By Sigomba Ramadhan and Sammy Wambua | February 10th 2020 at 05:53:21 GMT +0300

Members of the Public viewing the former President Moi's body at Parliament building. [Standard, Edward Kiplimo

The handling of events after the death of former President Daniel arap Moi is steeped in military protocol. Ex-air force officer, now a security consultant, MWENDA MBIJIWE, explains why the fallen statesman is being accorded such treatment. Excerpts.

Standard Digital: What is the meaning of lying is state?

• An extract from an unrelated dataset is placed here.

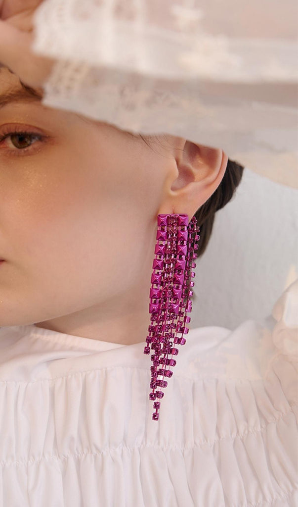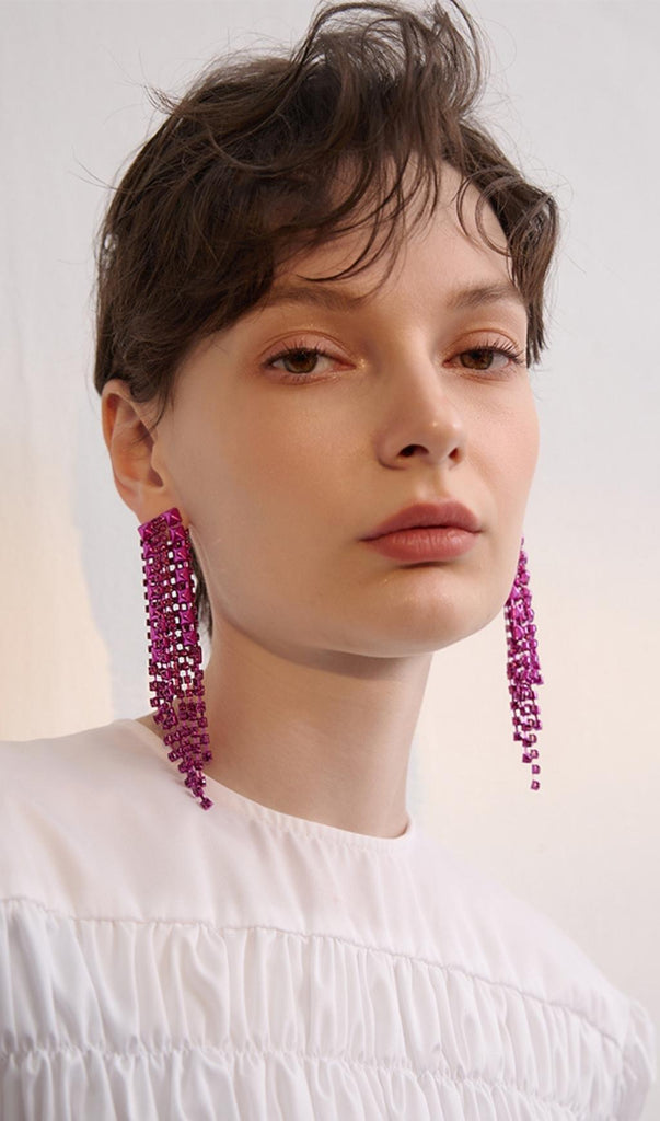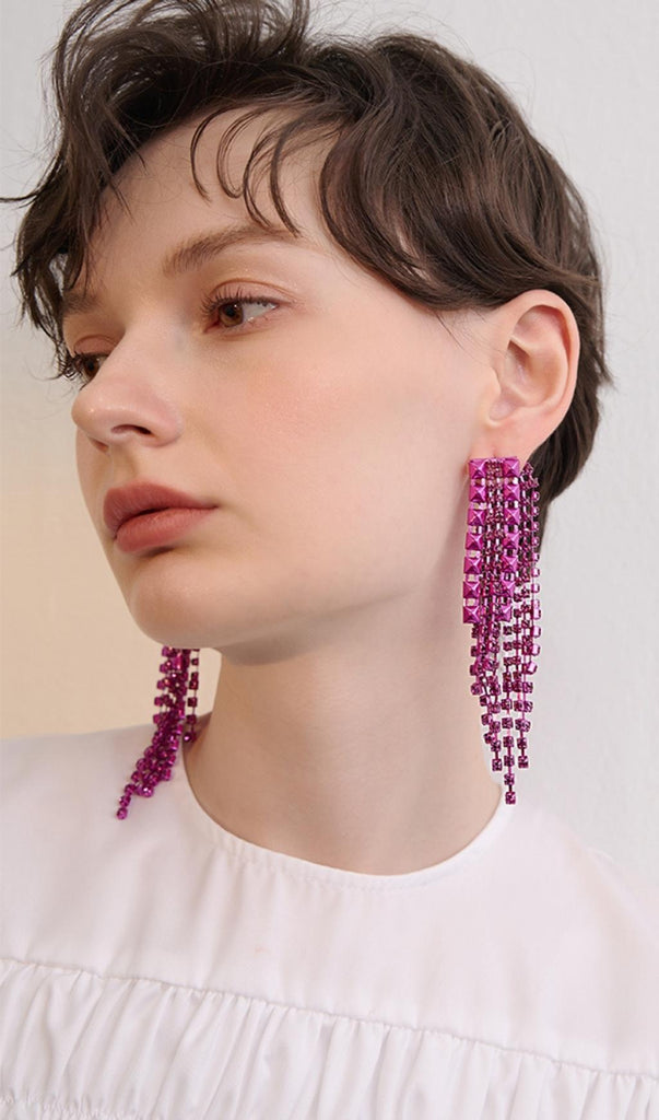 DARK VIOLET RHINESTONE TASSEL EARRINGS

Mbijiwe:  It is the display of a body covered or not covered, of a prominent national figure for viewing by the public. It is the beginning of a State funeral and the body must be in a government building. If it is done elsewhere, the term used is "lying in repose" but not in state.

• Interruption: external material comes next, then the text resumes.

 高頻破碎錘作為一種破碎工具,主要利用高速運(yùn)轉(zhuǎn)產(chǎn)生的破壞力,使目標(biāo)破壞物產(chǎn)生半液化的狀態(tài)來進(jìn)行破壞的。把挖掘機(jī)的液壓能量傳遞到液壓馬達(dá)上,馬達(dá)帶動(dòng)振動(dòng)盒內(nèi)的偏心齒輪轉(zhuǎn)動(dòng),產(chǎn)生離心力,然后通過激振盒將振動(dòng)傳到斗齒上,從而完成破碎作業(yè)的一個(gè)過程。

Standard Digital: Why is the former president getting a state burial with the military controlling everything?

Mbijiwe:  He was the Commander-in-Chief of the Armed Forces and retired in that capacity. It is not a small matter. He was also the Head of State and Government. There have been four other State burials for: Mzee Jomo Kenyatta (Kenya's first president), Wamalwa Kijana (Vice President), Prof Wangari Maathai (Nobel Laurette) and Lucy Kibaki (First Lady).

President Moi's ceremony will be bigger than Jomo Kenyatta's [in terms of military protocol] because he commanded a bigger military in terms of units and their capabilities. Kenyatta's body lay in state in State House but the pallbearers were Lieutenant-Colonels because the military was smaller. During Mzee Kenyatta's burial, the parade commander was a full Colonel but this time it will be a Brigadier who is actually a one-star General.

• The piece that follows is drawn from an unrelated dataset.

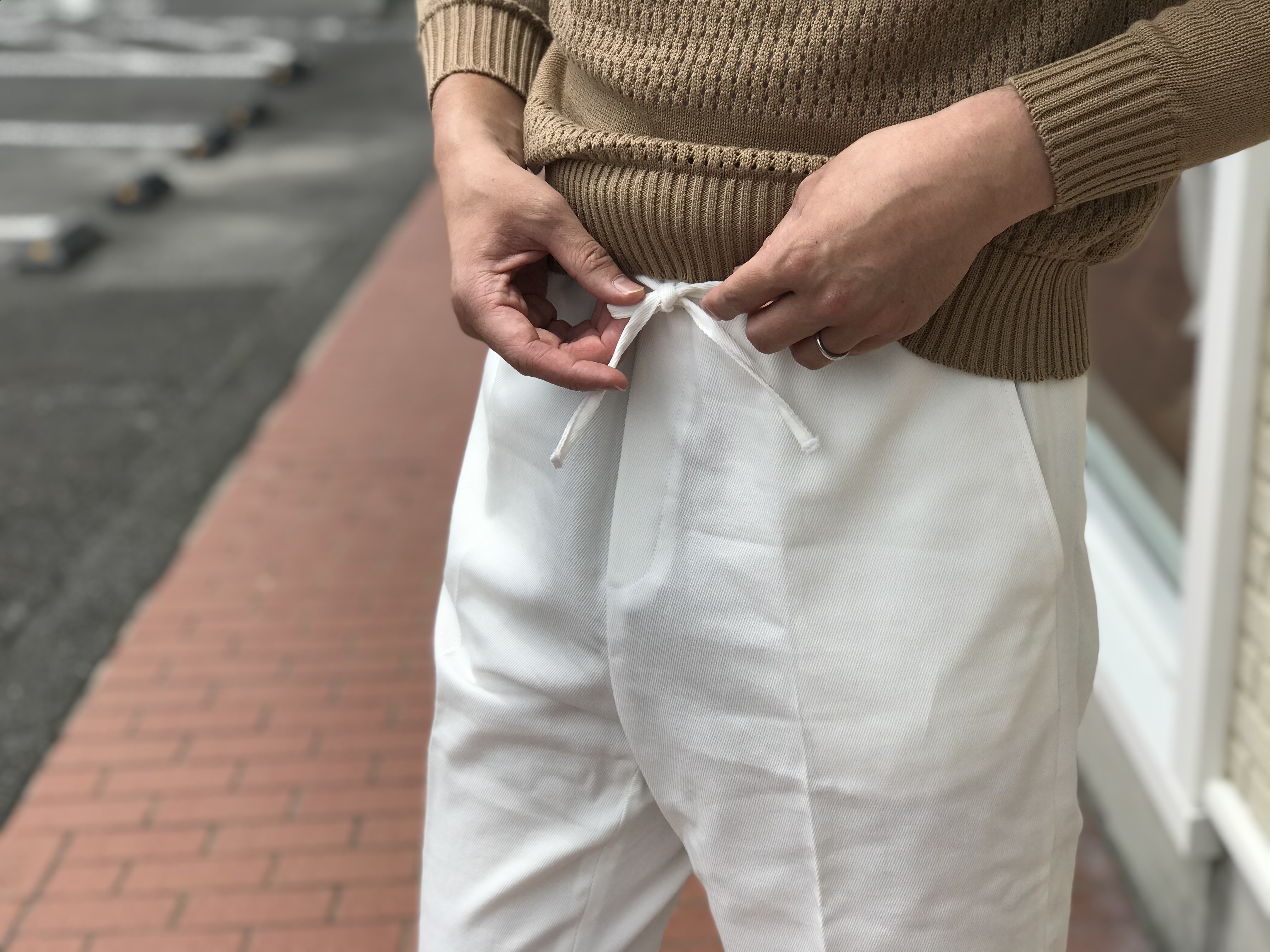 そこに上品さも兼ね備えたのが、こちらのパンツです。

The pallbearers will be full 10 colonels but we say 8+2 but not ten. There will be two behind on either side of the casket.

Standard Digital: Describe the parade

Mbijiwe:  The parade will comprise three sections. There will be the pallbearers, the firing team and the bugler section (playing trumpets). The colonels will hold their swords in the reverse (as a sign of mourning).

When the parade will be waiting for orders, the firing team will hold their arms in the reverse ('reverse arms' in military jargon) meaning rifle butts will be up and the barrels on the ground. There will be 19 rounds fired and three (cannon) volleys.

Standard Digital: Why is the body being ferried on a gun carrier?

Mbijiwe: The gun carrier is from the Artillery Brigade. It is the superior weapon. When you replace the gun with a body, the significance is the same.

Standard Digital: Will Mzee Moi be buried in military uniform?

Mbijiwe: No, but his military dress (hat, shoes belt and uniform) will on the casket. The uniform, as well as the flag draping the coffin, will be removed by the pallbearers. The laying of wreaths will be done by the officers. And there will be a fly-past salute by fighter jets and there could be helicopter gunships.

Additional reporting

This tradition can be traced to America in 1852 when a Kentucky Senator Henry Clay became the first person to have lain in state in the US capital.

Since then, only American presidents, military commanders and member of the congress are granted the rare honour. However, it is not automatic except for presidents.

For others in the US, the honour either authorised by a congressional resolution or approved by the congressional leadership, when permission is granted by survivors to a deceased member of government (or former member)

The tradition would later spread to other countries where notable leaders like  British WWII Premier Winston Churchill, Queen Elizabeth the Queen Mother Angela Marguerite, 40th US President Ronald Reagan, have been accorded the tradition.

In the Roman Catholic Church, it has become a custom for a deceased pope lie in state in the Apostolic Palace and in St. Peter's Basilica since the funeral of Pope John Paul II.

Nelson Mandela lay in state at the Union Building in Pretoria, the same site where he was installed as first South Africa's President.

Others African Presidents who passed through the tradition include Omar Bongo of Gabon (2009), Robert Mugabe of Zimbabwe (2019),

Most of those who lie in state have done for a minimal duration of three days.